17 July 2007

There are quite a few New Testament questions that still baffle me. One of them came up in House Group the other night: the ending of Mark. Your Bible probably gives you 20 verses of chapter 16. But in most versions, verses 9-20 are printed in a different style or with a disclaimer before verse 9. My old King James Bible is one version that doesn't. That's because when the old King was doing his stuff, most of the ancient texts that were available included 9-20. We've found a lot more texts since then and learned a lot more about how to read even the ones that we had. These days, most everyone agrees that 9-20 is not by the author of Mark's gospel on the basis of vocabulary and style, that it doesn't really fit into the narrative flow and that the content has probably been pieced together from other parts of the New Testament.


The best texts that we have end at verse 8. But that is in many ways an undesirable place to end a book. It's an unsatisfying ending from a narrative perspective; it's an odd way to end grammatically; and theologically it seems even less satisfactory than narratively. Probably that's why 9-20 was added on by someone.

There's a much shorter alternative as well.

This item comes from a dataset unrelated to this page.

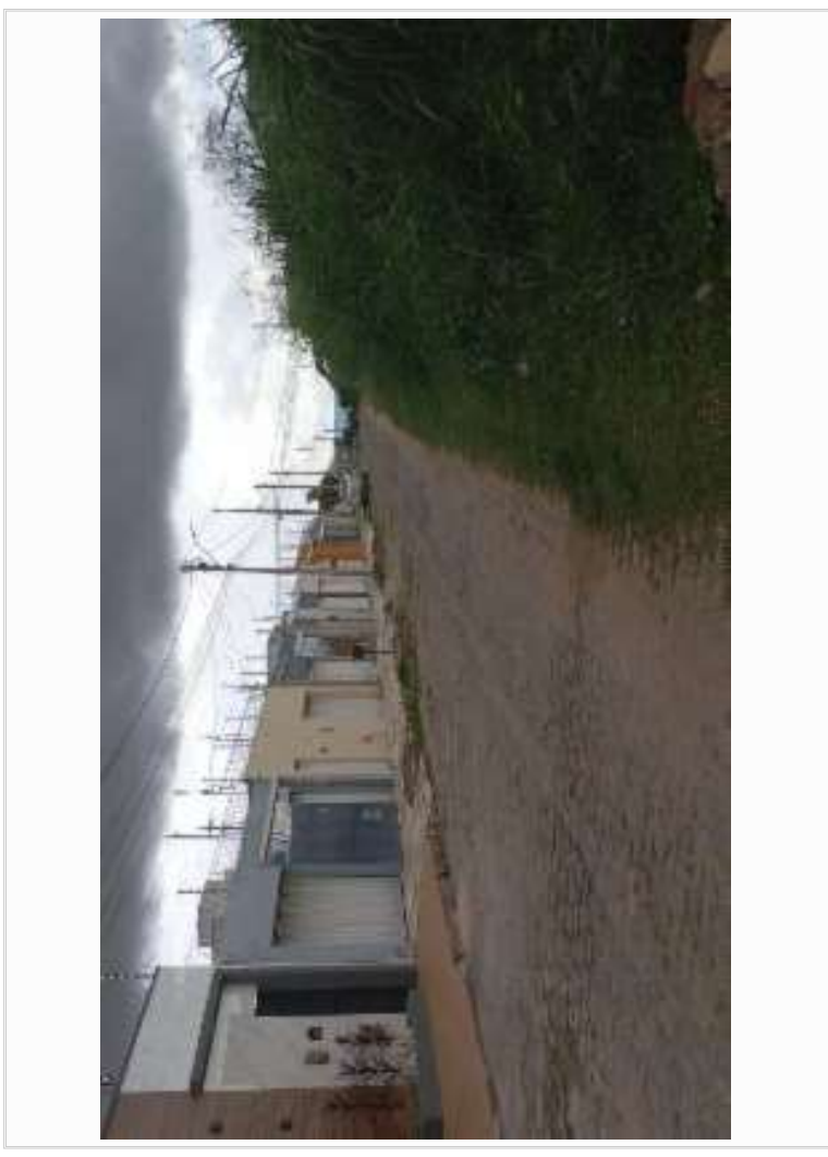
Logradouro/vizinho lado esquerdo

Some manuscripts, instead of 9-20, have this two sentences:

And they promptly reported all these instructions to Peter and his companions. And after that, Jesus HImself sent out through them from east to west the sacred and imperishable proclamation of eternal salvation.

This doesn't seem any more likely than the longer ending.

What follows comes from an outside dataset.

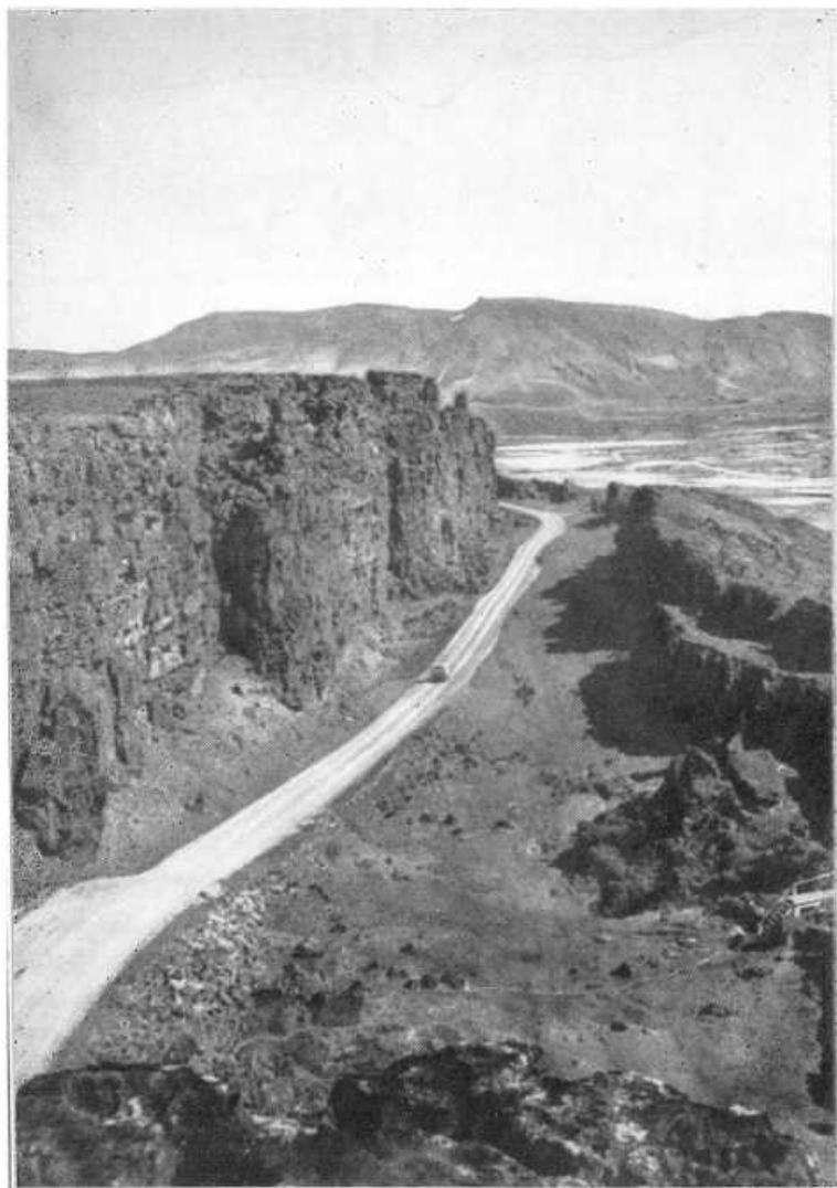
Поля Тинга. Дорога ведет вниз к реке Эхсарау и озеру. Справа — Скала Закона.

Did Mark mean to end at verse 8 -- is it his developed sense of irony, or some kind of device to make clear that the story is unfinished until you respond to it? Many people I respect think it's meant to end there.

But there could have been a longer ending that got lost. The Christian documents were under siege early in the going. Mark's gospel would have been written not as a codex-style book but on a scroll. It would have been a fixed length before Mark started writing. Did he run out of room and put the ending on an add-on sheet which got lost? Or did the end of his scroll literally break off, as they apparently often did?

That's the question that vexes me. I'm sure that we have to reject both 9-20 and the shorter one. But I don't know whether Mark meant it to end at verse 8 or whether there's a lost ending.

Does it matter? In terms of doctrine and application, certainly not. But for someone with a high view of Scripture, the implications make the ground shake. Yet I cannot decide -- I've gone back and forth at various points in my career; always with pretty good reasons. But right now, I can't even decide which one I want to be true!